Is it really over-filling or is it leaking past the flap valve? Both are common. We had one that would overfill periodically and no amount of disassembly, cleaning, checking for grit etc would fix it for any length of time. Turned out to be simpler to just replace the innards.
British toilets rely on a siphon to empty the cistern. They don't have a flap valve (as US cisterns do) - maybe to avoid the problem of a leaking flap valve causing a cistern to drain continuously into the toilet, using up water continuously to replace it.
Is the flap valve designed to leak into the cistern if the water level gets too high?
For toilets with overflows, why is it that historically the pipe always went outside the house, whereas now they can drain into the toilet bowl? Has some regulation changed? Or is it only flap valve cisterns that are allowed to have a conventional overflow which drains into the bowl; are siphon cisterns still required to overflow to outside?
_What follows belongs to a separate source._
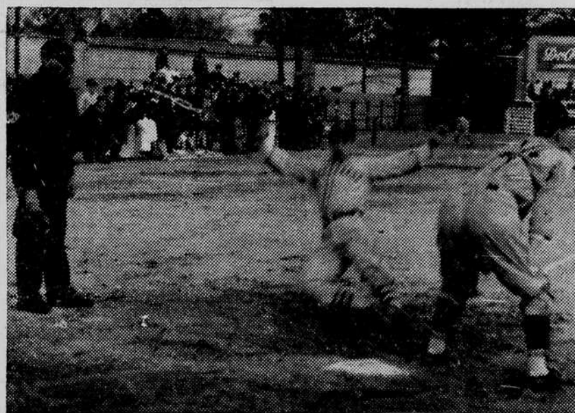
At top, Lefty Tommy Byrne, ace Wake Forest pitcher and former Roanoke Rapids Owl, is shown scoring after cleaning the bases in the fatal 9th here last Saturday when Wake Forest beat Duke before a chilled but enthusiastic crowd of over 1,000. At bottom is the first score of the game, a regular Big 5 match.

Oh. Right. I've never seen one in any house that I've owned or stayed in. I'd though that they didn't met our building regs and water supply use regulations. Was that true at one time but maybe not any more? Or was there some other reason why flap is almost universal in the US whereas siphon was (until some time ago, evidently!) universal in the UK?
I suppose it's inevitable that if it's American it will become trendy over here - whether it's US vocabulary and pronunciation, screw-thread lightbulbs (*) and now flap-valve loos. I wonder how long our three-pin plugs will last before someone decides that we should replace them with either US or French/German plugs. And will our BT phone plugs eventually be replaced with RJ11 plugs? I've never had the tab break off a BT plug, but the ones on RJ11 (phone, modem) and RJ45 (Ethernet) break off at the slightest provocation.
(*) It was only a couple of years ago (maybe when I was going round Ikea) that I learned that mainland Europe uses screw-thread too: I'd always assumed until then that there was a clear 120V = screw; 240V = bayonet distinction to prevent a 120V bulb being accidentally used on a 220-240V supply.
I believe you have to be able to see that there is an overflow. Some 20 years ago (19 actually) I refitted daughter 2's flat which had no external wall to the bathroom. I discovered I could buy a short length of transparent pipe to fit to the overflow before it fed into the stack pipe.
I'm not sure the overflow requirement is linked to the flap valve. However, I agree the flap valve is a neat approach, far less hassle than the syphon. I retro fitted one to our family toilet may be 10 years back. From memory, it didn't incorporate an overflow change. (The bathroom has been changed since so I can't check.)
Yes but in the end they are all based around the turning off due to water level and the constant trickling ends up in limescale or hardening or crusting of any washers and so complete seals eventually get harder to achieve. I guess somebody could design an electronic version with a solenoid valve operated by a limit switch on the arm of a float, so no water is actually involved in the cutting off of its own flow. A nice job for a Schmidt trigger circuit and a relay.